StarRocks database adapter for Datus

Project description

datus-starrocks

StarRocks database adapter for Datus.

Overview

StarRocks is a high-performance analytical database that uses the MySQL protocol. This adapter extends the MySQL connector with StarRocks-specific features:

  • Multi-catalog support
  • Materialized views
  • StarRocks-specific metadata queries

Installation

pip install datus-starrocks

This will automatically install the required dependencies:

  • datus-agent
  • datus-mysql (which includes datus-sqlalchemy)

Usage

The adapter is automatically registered with Datus when installed. Configure your database connection:

database:
  type: starrocks
  host: localhost
  port: 9030
  username: root
  password: your_password
  catalog: default_catalog
  database: your_database

Or use programmatically:

from datus_starrocks import StarRocksConnector

# Create connector
connector = StarRocksConnector(
    host="localhost",
    port=9030,
    user="root",
    password="your_password",
    catalog="default_catalog",
    database="mydb"
)

# Use context manager for automatic cleanup
with connector:
    # Test connection
    connector.test_connection()

    # Get catalogs
    catalogs = connector.get_catalogs()
    print(f"Catalogs: {catalogs}")

    # Get databases in catalog
    databases = connector.get_databases(catalog_name="default_catalog")
    print(f"Databases: {databases}")

    # Get tables
    tables = connector.get_tables(catalog_name="default_catalog", database_name="mydb")
    print(f"Tables: {tables}")

    # Get materialized views
    mvs = connector.get_materialized_views(database_name="mydb")
    print(f"Materialized Views: {mvs}")

    # Get materialized views with DDL
    mvs_with_ddl = connector.get_materialized_views_with_ddl(database_name="mydb")
    for mv in mvs_with_ddl:
        print(f"\n{mv['table_name']}:")
        print(mv['definition'])

    # Execute query
    result = connector.execute_query("SELECT * FROM users LIMIT 10")
    print(result.sql_return)

Features

StarRocks-Specific Features

  • Multi-catalog support: Query across multiple catalogs
  • Materialized views: Full support for StarRocks materialized views
  • Catalog management: Switch between catalogs seamlessly

Inherited from MySQL

  • Full CRUD operations (SELECT, INSERT, UPDATE, DELETE)
  • DDL execution (CREATE, ALTER, DROP)
  • Metadata retrieval (tables, views, schemas)
  • Sample data extraction
  • Multiple result formats (pandas, arrow, csv, list)
  • Connection pooling and management

StarRocks-Specific Examples

Working with Catalogs

# List all catalogs
catalogs = connector.get_catalogs()

# Switch catalog
connector.switch_context(catalog_name="hive_catalog")

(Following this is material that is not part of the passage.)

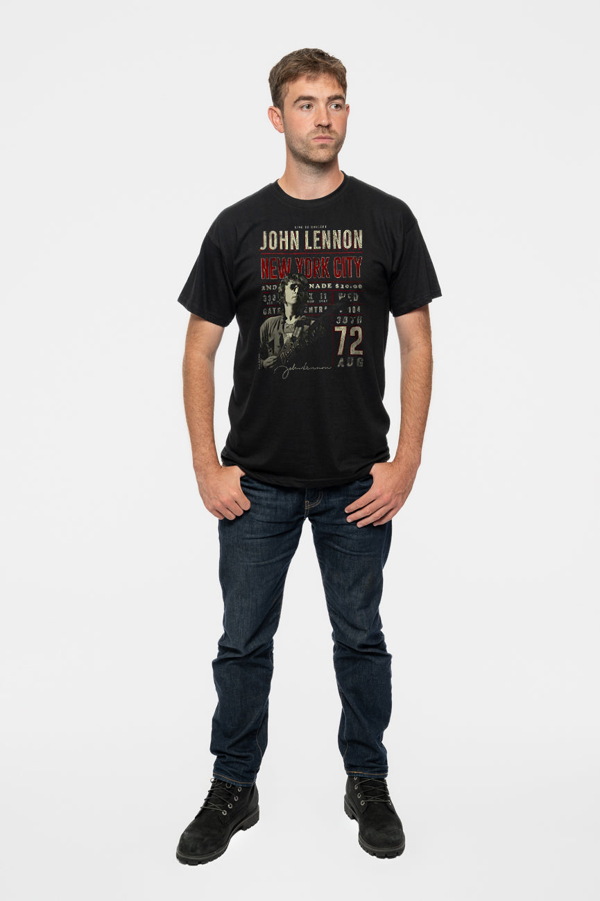 An official licensed John Lennon Unisex T-Shirt featuring the 'NYC '72' design motif. This high quality T-Shirt is available in a black colourway. Comes in a wide range of sizes from Small through XX-Large, subject to availability.

# Query with explicit catalog
tables = connector.get_tables(
    catalog_name="hive_catalog",
    database_name="my_hive_db"
)

Materialized Views

# Get materialized views
mvs = connector.get_materialized_views(database_name="mydb")

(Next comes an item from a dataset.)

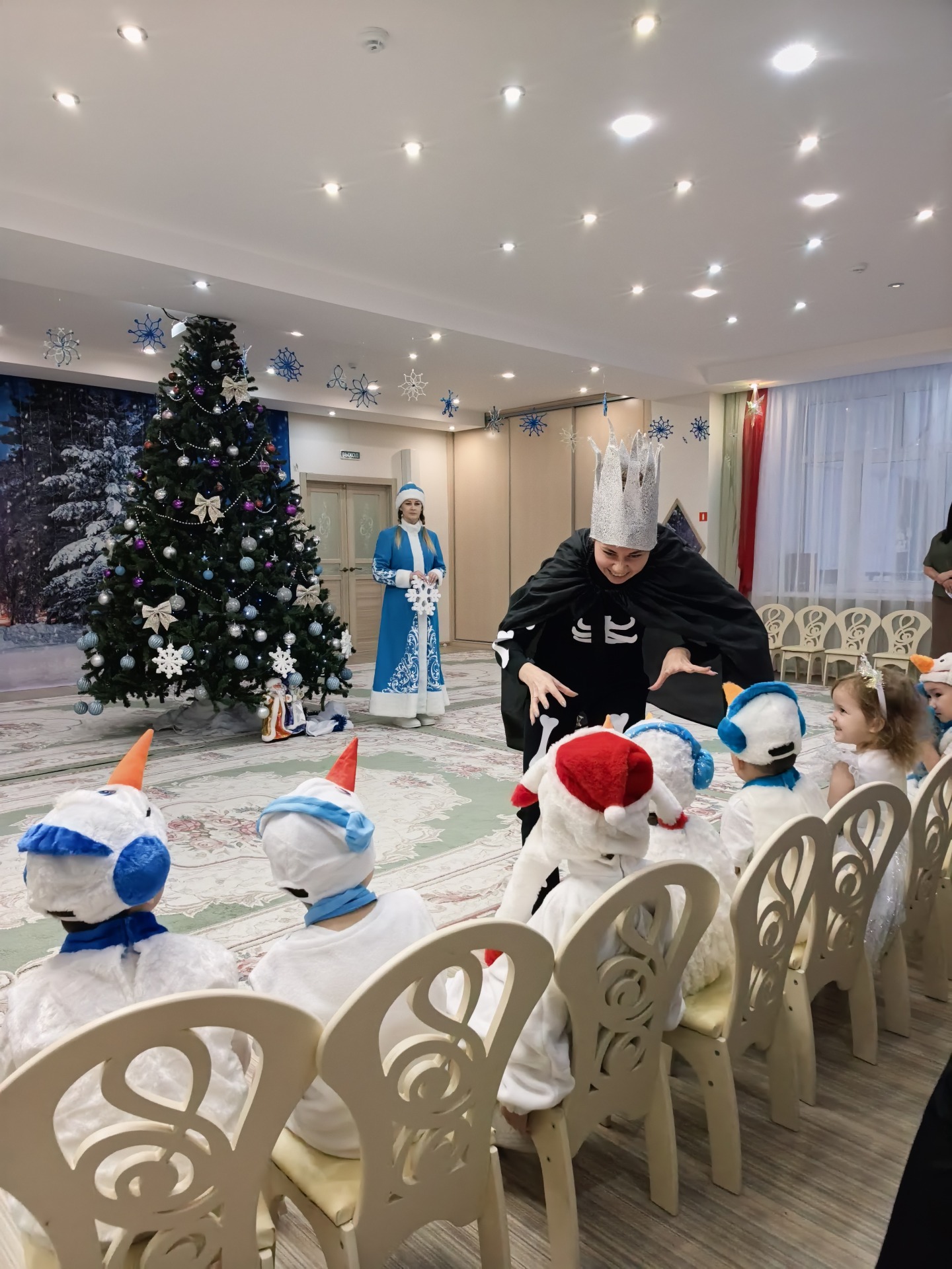 В средней группе «Сказочный теремок» дети с нетерпением ждали новогодний утренник, активно готовились к встрече с Дедом Морозом. И вот долгожданный день наступил. Но что это? Хрустальную снежинку, благодаря которой должен был состоятся праздник, разбил и раскидал по разным сказкам злой Кощей, он-же заколдовали и украл Снегурочку. Чтобы уничтожить злые чары и воссоединить части чудесной снежинку в которой спрятана новогодняя песенка,которая поможет вернуть на праздник Снегурочку, ребятам нужно было выполнить задания. Они очень старались: водили новогодние хороводы, исполнили веселый танец снеговиков и нежный танец снежинок, поиграли с Дедом Морозом, прочитали новогодние стихотворения. И, о чудо: сердце злодея оттаяло, и Кощей отдал ребятам последний кусочек хрустальной снежинки.

# Get materialized views with full DDL
mvs_with_ddl = connector.get_materialized_views_with_ddl(database_name="mydb")

for mv in mvs_with_ddl:
    print(f"Name: {mv['table_name']}")
    print(f"Database: {mv['database_name']}")
    print(f"Catalog: {mv['catalog_name']}")
    print(f"Definition: {mv['definition']}")

Fully-Qualified Names

StarRocks supports three-part names: catalog.database.table

# Build full name
full_name = connector.full_name(
    catalog_name="default_catalog",
    database_name="mydb",
    table_name="users"
)
# Result: `default_catalog`.`mydb`.`users`

# Query with full name
result = connector.execute_query(f"SELECT * FROM {full_name} LIMIT 10")

Requirements

  • Python >= 3.12
  • StarRocks >= 2.0
  • datus-agent >= 0.2.1
  • datus-mysql >= 0.1.0

Testing

Quick Start

# 1. Start StarRocks test container
docker compose up -d && sleep 60
docker exec datus-starrocks-test mysql -h127.0.0.1 -P9030 -uroot \
  -e "CREATE DATABASE IF NOT EXISTS test;"

# 2. Run tests
./scripts/test.sh unit         # Unit tests (60 tests, ~0.03s)
./scripts/test.sh integration  # Integration tests (35 tests, ~1.5s)
./scripts/test.sh acceptance   # Acceptance tests (28 tests, CI subset)
./scripts/test.sh all          # All tests

TPC-H Integration Tests

TPC-H integration tests use a simplified TPC-H dataset (5 tables: region, nation, customer, orders, supplier) to validate end-to-end query execution, JOIN operations, aggregations, and multi-format output.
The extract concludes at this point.